Daily Gazette, Tuesday, March 22, 2005
School board examines equipment costs

BY VICTORIA R. SPAGNOLI Gazette Reporter
Reach Gazette reporter Victoria R. Spagnoli at 395-3110 or vspagnoli@dailygazette.net.

The preliminary tax increase for property owners in the Scotia-Glenville School District is projected at about 8.5 percent but does not include a potential increase for an equipment proposition the Board of Education is considering.
On Monday night, the board spent an hour discussing Superintendent Michael Marcelle’s $295,000 proposed equipment proposition. It would allow the district to buy equipment for the fine arts department, specifically music instruments, athletic equipment and computer technology. The computer equipment makes up nearly $200,000 of the proposition.
The preliminary 2005-06 budget is slightly more than $40 million.
The board had several options, including offering the proposition as an additional tax increase or bonding for the equipment purchases. Early in the discussion, the majority of the board felt the computer technology should be taken out of the proposition and added back into the budget.
Marcelle said for that to occur some significant cuts to programs would have to be made. Adding the computer equipment back into the budget would raise the tax increase by nearly another percentage point.

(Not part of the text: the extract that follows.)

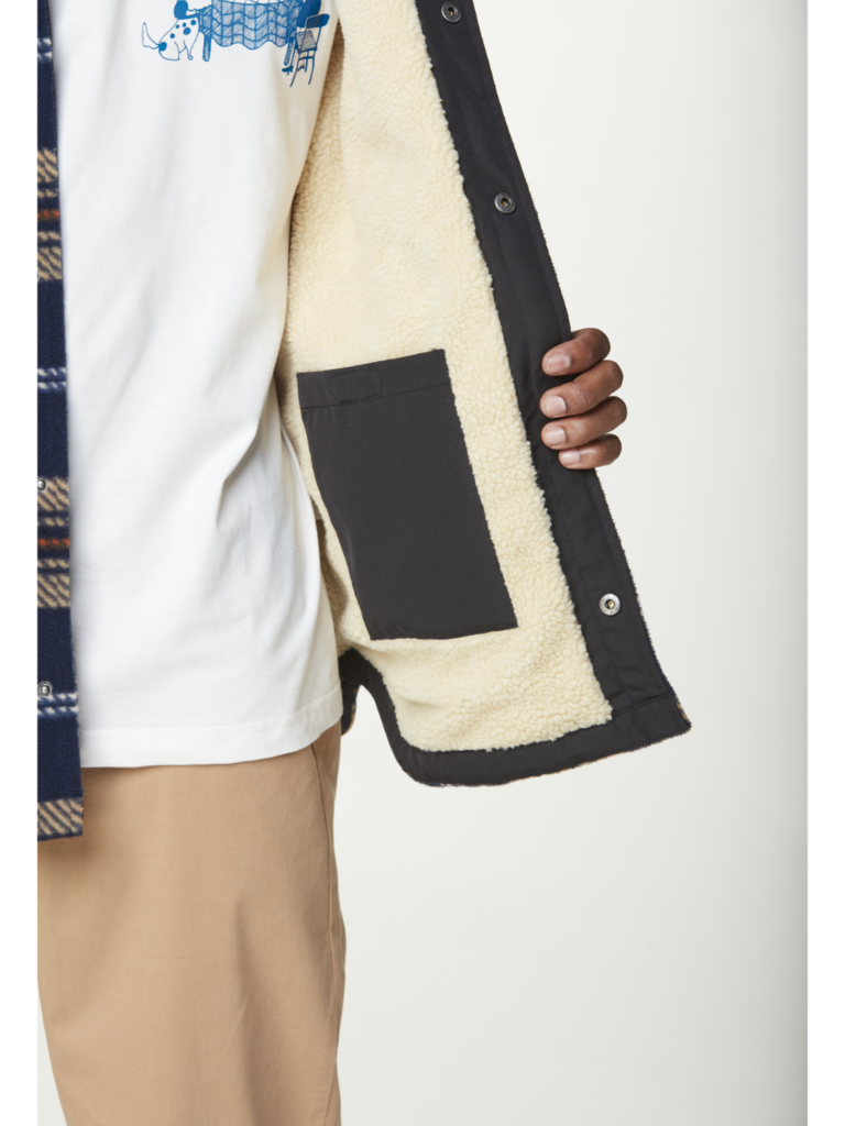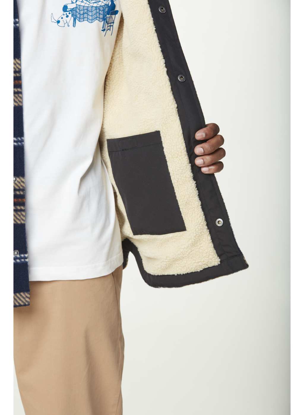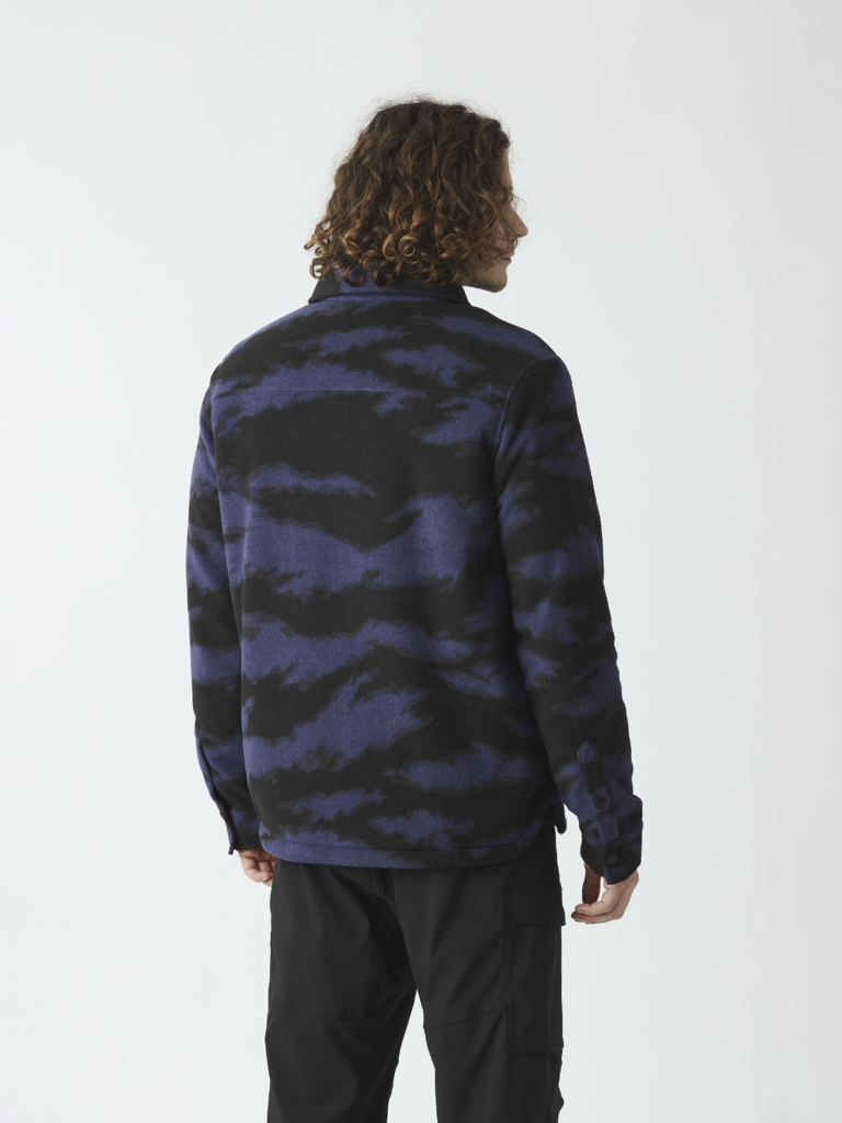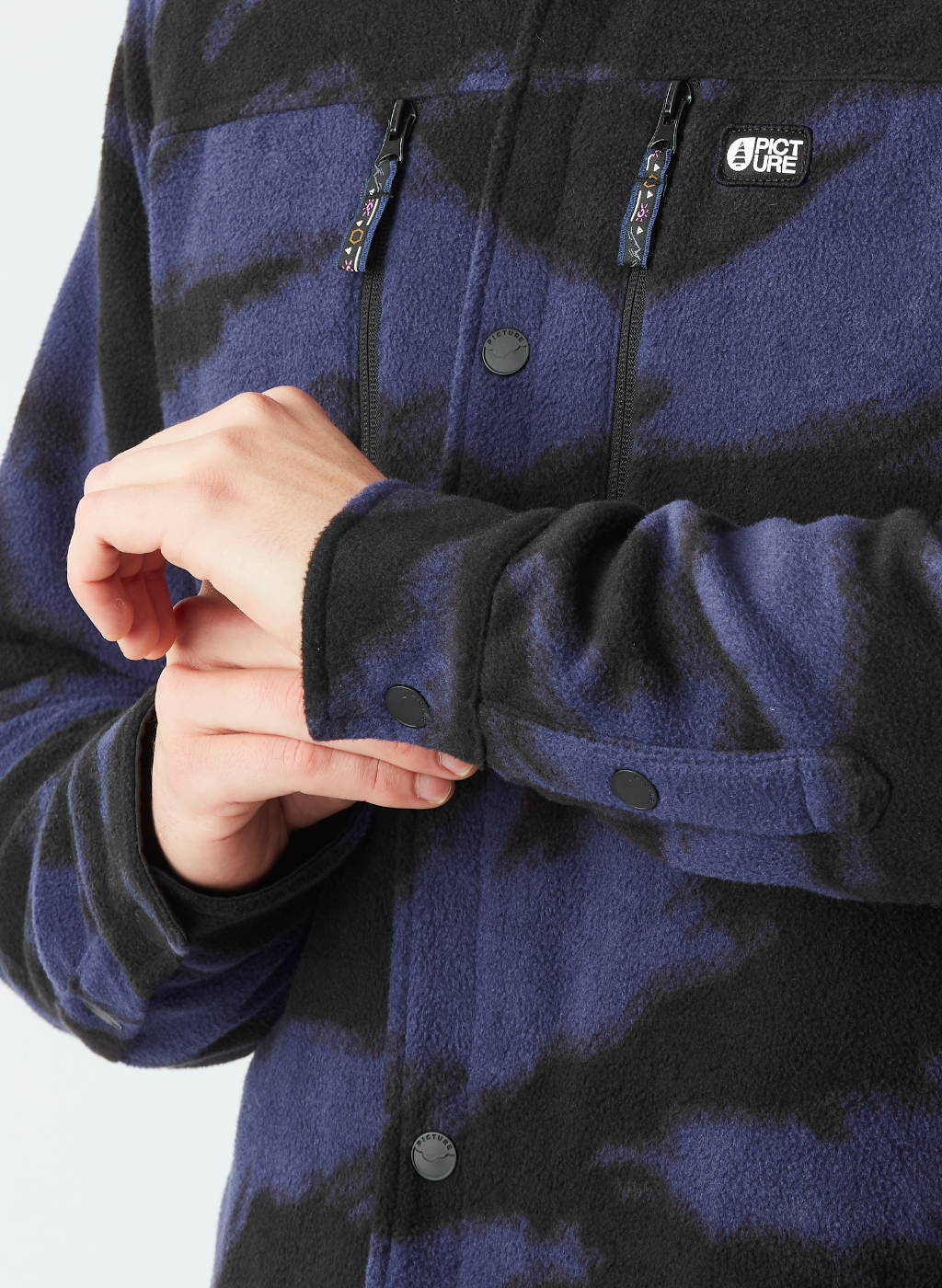 Meet the BEMIDJI JKT, a men's fleece shirt-jacket designed for the lifestyle category. This piece is a modern take on an outdoor classic, reimagined for daily wear. Constructed with 250g Fleece made from 100% Circular Polyester, it holds Global Recycled Standard and Oeko-Tex® Standard 100 certifications. The jacket offers a unique insulation combination, featuring 40 gr/m2 of Polyester in the sleeves and 60 gr/m2 in the hood, providing versatile warmth and comfort. When it comes to functionality, the front opening is equipped with black rubber buttons, both stylish and durable. Two patched chest pockets offer easy access to essentials, while snap button cuffs allow for an adjustable fit. Additional storage comes in the form of hand pockets with zips, and an interior pocket adds an extra layer of convenience. Blending outdoor ruggedness with urban sensibility, the BEMIDJI JKT is the epitome of style meeting function.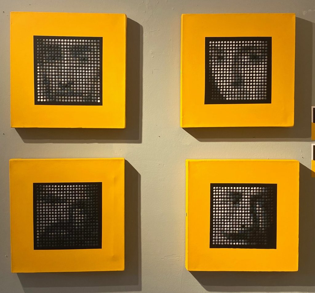 Predomina una escala acromática sustentada en valores tonales; sin embargo, en determinados conjuntos el artista incorpora colores fríos – especialmente el azul – como recurso de contraste y tensión visual. El resultado es una propuesta que oscila entre lo óptico y lo conceptual, invitando al espectador a una experiencia de observación activa.

Board member John Carpenter agreed. "I don’t know how you are going to put it into the budget," he said. "It’s going to be very
difficult to keep the status quo, let alone adding anything to Mike’s preliminary budget. That’s my gut feeling."
Some board members weren’t sure that asking the residents to pay an additional tax increase above an 8.5 increase wouldn’t fly at the polls. "We can ask, I’m just not sure it’s going to go," said Kurt Ahnert.
But Karen Bradley said the district needs to stop deferring necessary purchases. The computer technology "is an area that I don’t think we can let go," she said. Many things have been put off and are now catching up with the district, she explained. But, "how much the community can tolerate, I just don’t know," Bradley said, adding however that in some areas of the budget the board is just going to have to "bite the bullet" and do something.
The board is expected to make a decision on the proposition at its next meeting on March 28. The budget vote will be May 17.
The board Monday also held it’s first community budget forum. Only four people spoke. Mark Stockman of Scotia said the board needs to stop borrowing for the purchase of buses; would like to see them negotiate more aggressively with the teacher’s union in an effort to keep personnel costs down; and wants the district to create a fund for the purchase of equipment.